Cliff Lee(notes) had never pitched in a playoff game before last week, but the reigning AL Cy Young Award winner’s lack of postseason experience wasn’t a cause for concern to the Philadelphia Phillies when they traded for him.
Based on his first pressure-packed trip to the mound, it shouldn’t have been.
Lee opened the Phillies’ defense of their World Series title with a dominant victory over the Colorado Rockies, and he can send them to the NL championship series with another Monday night in Game 4 of their playoff series at Coors Field.
Lee (1-0, 1.00 ERA) went the distance in Philadelphia’s 5-1, Game 1 win over the Rockies on Wednesday at Citizens Bank Park, giving his new team a beginning boost in their quest to become baseball’s first repeat champion since the New York Yankees won three consecutive World Series from 1998-2000.
The left-hander, of course, wasn’t around for the Phillies’ run to the 2008 Fall Classic, when Lee was watching the playoffs after turning in a stunning season for a .500 Cleveland team. A year after being banished to the minors as the Indians were on their way to the 2007 AL Central title, Lee went 22-3 with a 2.54 ERA in winning the AL Cy Young Award.
With credentials like that, Philadelphia didn’t care if Lee had never pitched in the postseason. Given his 113-pitch, five-strikeout, zero-walk performance Wednesday, the magnitude of the moment didn’t seem to faze Lee, either.
“I tried to treat it as much as a regular game as I could,” Lee said after improving to 2-0 with a 1.13 ERA in two starts against the Rockies in 2009. “Obviously, there’s more excitement with a playoff game but it’s still 60 feet, 6 inches to the plate and it’s the same strike zone.”
Lee -1-2 with an 8.10 ERA in four road starts since Sept. 1 - can help eliminate Colorado on Monday after his teammates pushed the Rockies to the brink of elimination in frigid Coors Field on Sunday night. Chase Utley(notes) had three hits - including a homer - and Ryan Howard(notes) and Carlos Ruiz(notes) drove in two runs apiece before the much-maligned Brad Lidge(notes) closed out a 6-5 victory.

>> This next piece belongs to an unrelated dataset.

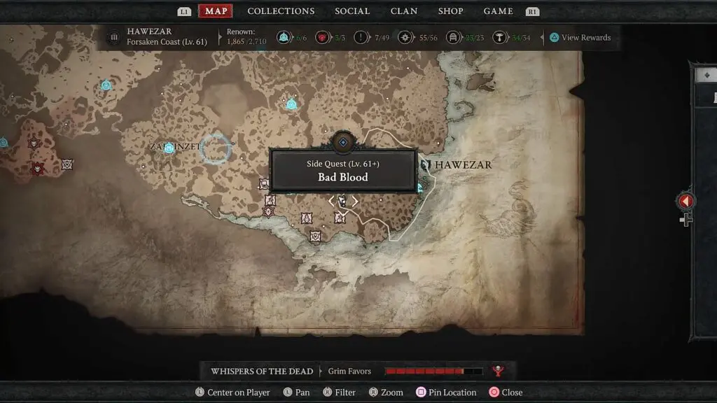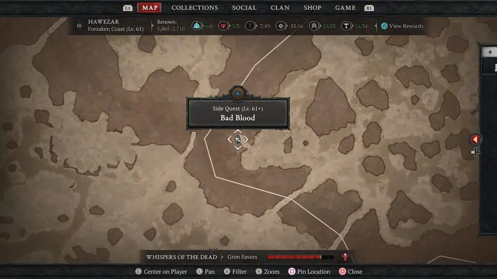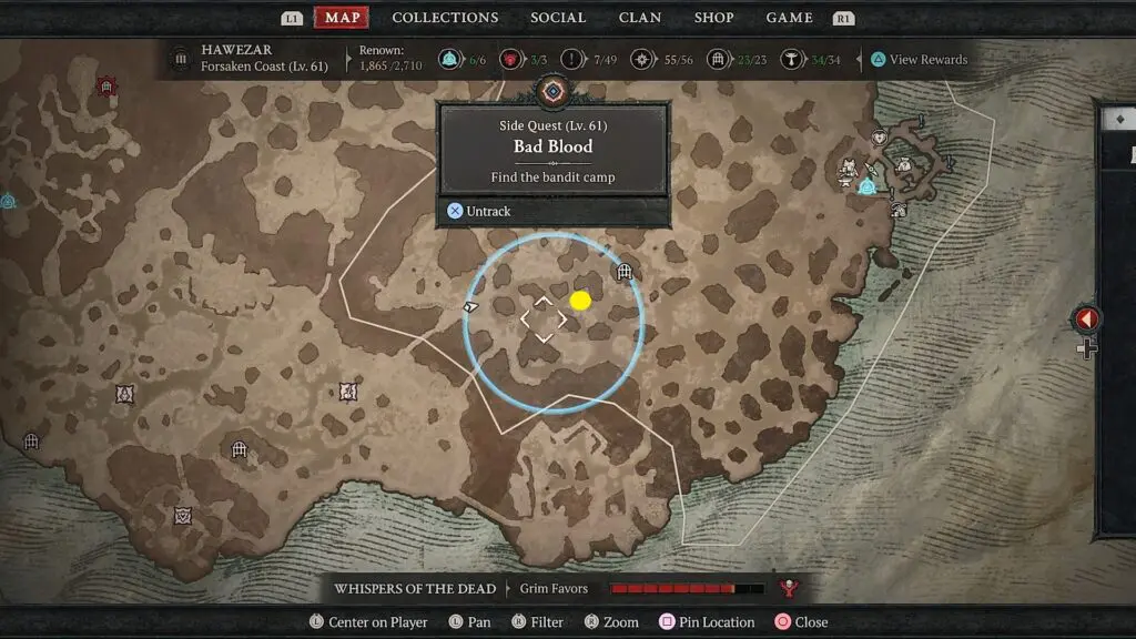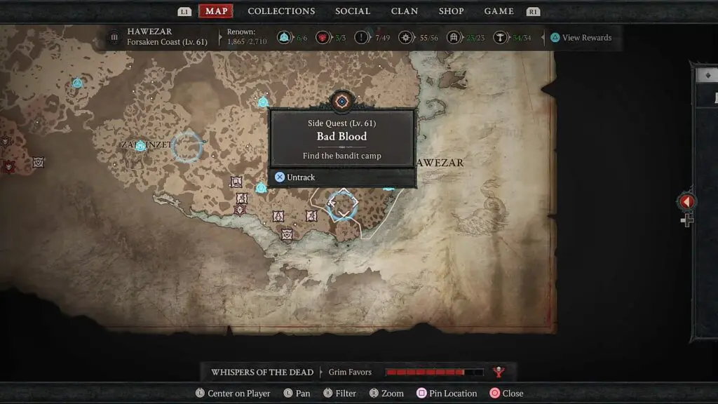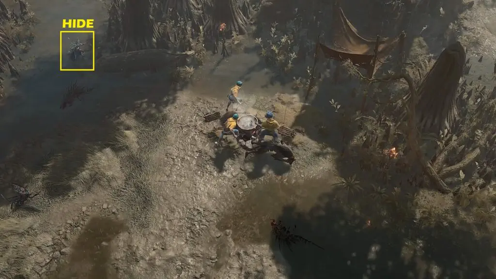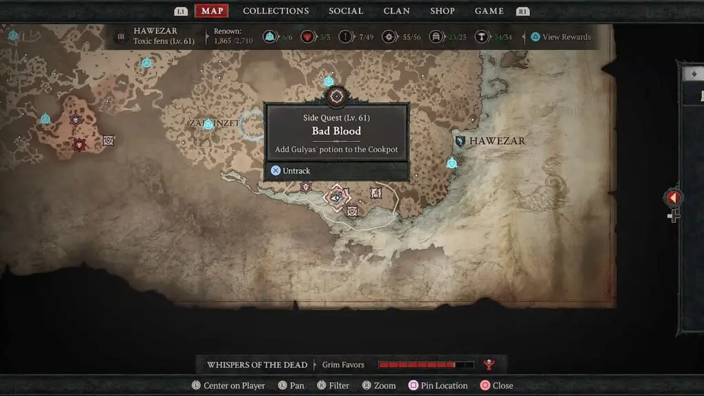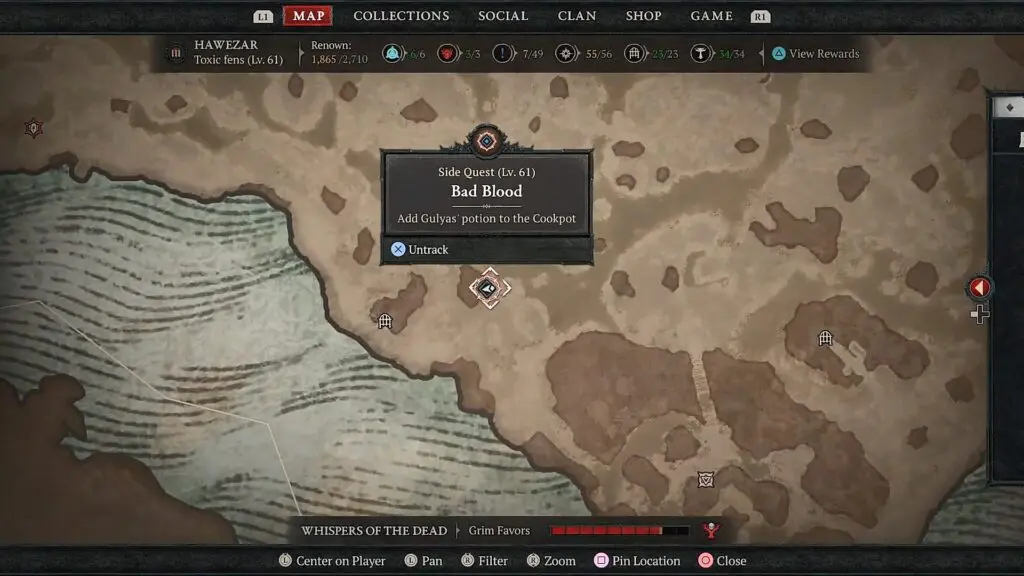 This guide shows the complete walkthrough of the Bad Blood side quest in the Diablo 4 game, released on 6th June 2023. You get the quest by talking to Gulyas in the Forsaken Coast area in the Hawezar region as shown in the pictures below. For the quest, you need to find two bandit camps, add Gulyas Potion in the cookpots there, and then hide near the cookpot.

Lidge was the closer no opposing hitter wanted a part of last season, when he converted all 41 regular-season save opportunities and seven more in the playoffs, but he transformed into the back-end reliever Philadelphia fans feared in 2009. Lidge was 0-8 with a 7.21 ERA in the regular season - losing the closer’s role - but manager Charlie Manuel turned to him Sunday with the trio of the injured Scott Eyre(notes), Ryan Madson(notes) and Chad Durbin(notes) already used up.
“He’s had ups and downs,” Howard said. “Right now he’s here to finish games. That’s what matters. I was glad to see him out there.”
Despite two ninth-inning walks, Lidge escaped unscathed. Colorado closer Huston Street(notes) couldn’t say the same, after he allowed the go-ahead run in the top of the inning to suffer his first loss since April 12 - when Matt Stairs’(notes) two-run homer lifted Philadelphia to a 7-5 win at Coors.
“When the postseason starts, it’s a completely clean slate,” said Lidge, a Denver native.
It was in the mid-20s in frosty Denver when Lidge induced a Troy Tulowitzki(notes) pop-up for the final out Sunday, but temperatures could be in the 50s by Monday’s first pitch. There also isn’t expected to be any threat of snow, which originally forced Game 3 to be moved from Saturday to Sunday - and ensured Game 4 would be Monday, rather than a scheduled travel day if a decisive Game 5 was needed.
Aside from some warmer weather, the Rockies can also hope for a better effort from starter Ubaldo Jimenez(notes) (0-1, 9.00) than they saw Wednesday. Jimenez went toe-to-toe with Lee through four shutout innings, but ran into trouble in the fifth, when he surrendered run-scoring hits to Ruiz and Raul Ibanez(notes).
The sixth inning was even worse. Jimenez gave up three hits to start the inning before he was pulled, and the right-hander was ultimately charged with five runs while falling to 0-2 with a 3.86 ERA in four career postseason starts.
“Up until the fifth, it was one of the better games he had pitched over the course of the month,” manager Jim Tracy said. “He was really, really on his game into the fifth. He had all his stuff.”
Jimenez fell to 0-2 with an 8.40 in three career starts in Philadelphia, but he pitched well during his lone appearance against the Phillies in Colorado. Jimenez allowed one run and three hits over 6 1-3 innings in Game 3 of the 2007 NL division series, leaving without a decision in the Rockies’ 2-1 win that swept Philadelphia out of the postseason.
The Rockies have lost three consecutive postseason home games, including games 3 and 4 of the 2007 World Series against Boston.